What this task involves
Leaving out every picture, please repeat exactly the line that contains "In genere i" and each line after it through the final line below.

Data shown
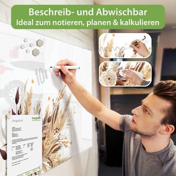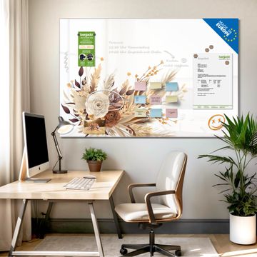 Die banjado Glas Magnettafel mit dem Motiv Motiv Herbstlicher Blumenstrauß verbindet Funktionalität mit Stil. Sie ersetzt das Zettelchaos durch klare Strukturen und bringt dabei eine warme, natürliche Atmosphäre in Ihr Zuhause. Ob im Büro, in der Küche oder im Eingangsbereich - dieses Design-Board zieht Blicke an und sorgt für Ordnung mit Charakter.
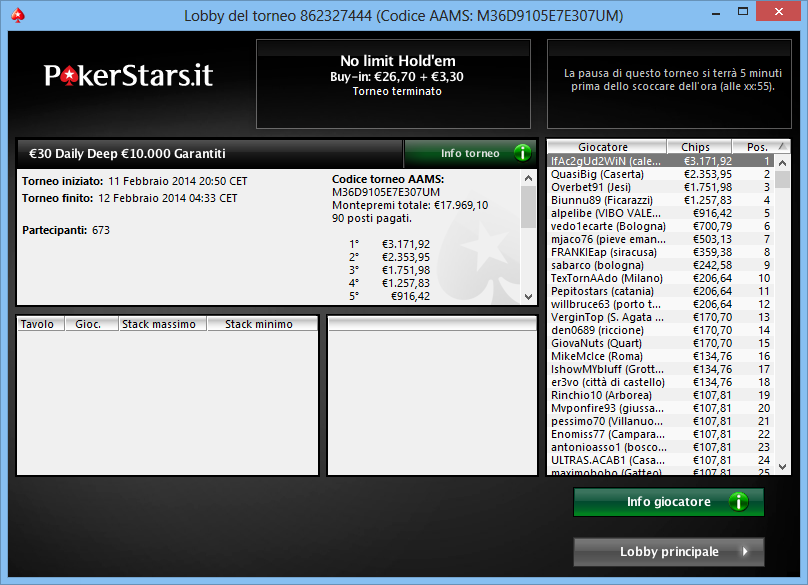 In genere i top regular mtt stampano i soldi nel weekend, ma come ha dimostrato ieri sera il forte player di Calenzano anche qui ci sono eccezioni che confermano la regola.
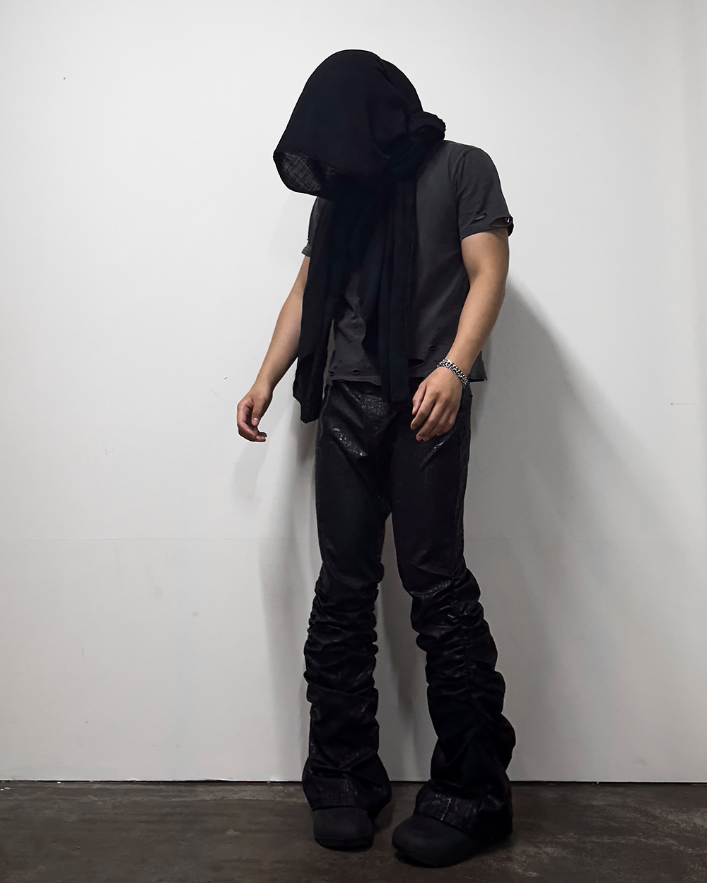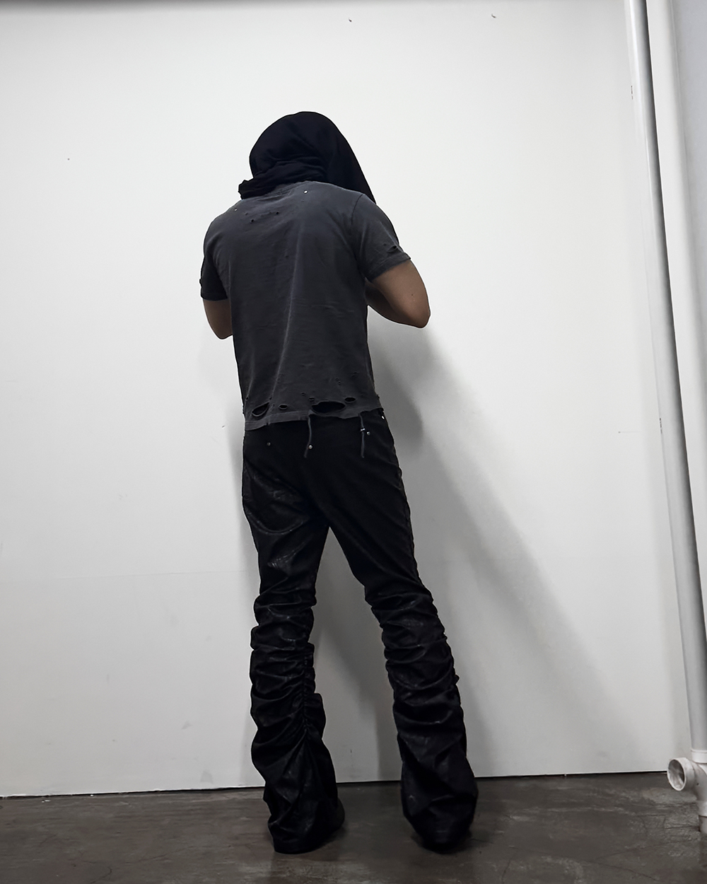 SHXDW 25SS ASHED DAMAGE T-SHIRT BLACK 쉐도우 애쉬드 데미지 티셔츠 블랙 DETAIL - FREE SIZE - CROP FIT - GARMENT DYEING - CUT OUT DAMAGE DETAIL

Task output
 In genere i top regular mtt stampano i soldi nel weekend, ma come ha dimostrato ieri sera il forte player di Calenzano anche qui ci sono eccezioni che confermano la regola.
 SHXDW 25SS ASHED DAMAGE T-SHIRT BLACK 쉐도우 애쉬드 데미지 티셔츠 블랙 DETAIL - FREE SIZE - CROP FIT - GARMENT DYEING - CUT OUT DAMAGE DETAIL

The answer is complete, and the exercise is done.